In realtà non è affatto così. Diciamolo chiaramente: boschi e foreste non sono semplici cataste di legna a disposizione di motoseghe e caldaie. Si tratta di ecosistemi complessi che hanno una valenza in sé, in termini di conservazione del territorio e in qualità di serbatoi di biodiversità e fornitori di servizi ecosistemici fondamentali, primo fra tutti il sequestro di anidride carbonica dall’atmosfera. Al contrario, quando bruciamo legna riemettiamo istantaneamente quella stessa anidride carbonica che la pianta aveva assorbito e fissato nel corso di tutto il suo ciclo vitale, oltre a produrre una notevole quantità di PM2,5, il particolato sottile che riesce a penetrare in profondità nelle nostre vie aeree, favorendo malattie respiratorie e provocando un numero elevato di morti premature. In effetti, sembra esserci una correlazione diretta fra il taglio dei boschi e l’aumento di determinate patologie, comprese le epidemie che ciclicamente colpiscono vari angoli del globo e di cui l’attuale Covid-19 è l’esempio più lampante.
Non va poi dimenticato l’aspetto geomorfologico: la vegetazione è fondamentale per la salvaguardia del territorio e la prevenzione del dissesto idrogeologico, a partire dal livello delle chiome, che contribuiscono in modo determinante ad attenuare l’impatto dei fenomeni atmosferici, fino al livello delle radici, che compattano il terreno e frenano dilavamento e movimenti franosi.
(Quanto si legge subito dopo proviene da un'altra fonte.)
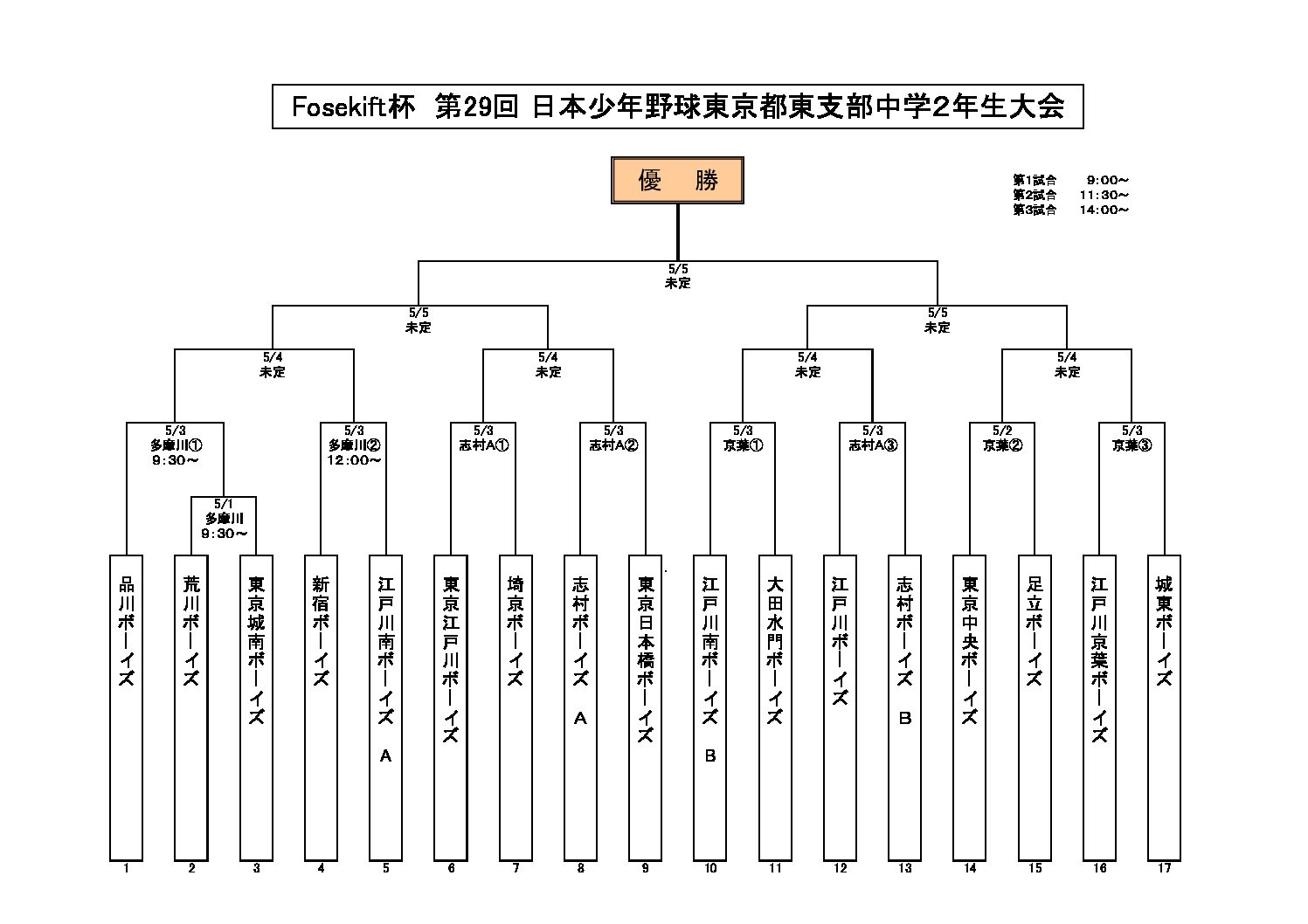 第3回ナガセケンコーカップ 日本少年野球東京都東支部秋季大会 組合せ

All’opposto, un terreno disboscato lascia correre quantità d’acqua superiori e con maggiore velocità, aumentando sensibilmente il rischio di alluvioni.
Per ridurre le probabilità di catastrofi ambientali e contenere le emissioni di anidride carbonica, occorre dunque preservare le superfici boscose, ponendo la massima attenzione a una loro gestione sostenibile, che consenta di sfruttare questa risorsa per la filiera del legno o per la produzione di energia senza intaccare irreparabilmente questi ecosistemi, fondamentali per la tutela della fauna selvatica, del territorio e, in definitiva, anche del nostro benessere.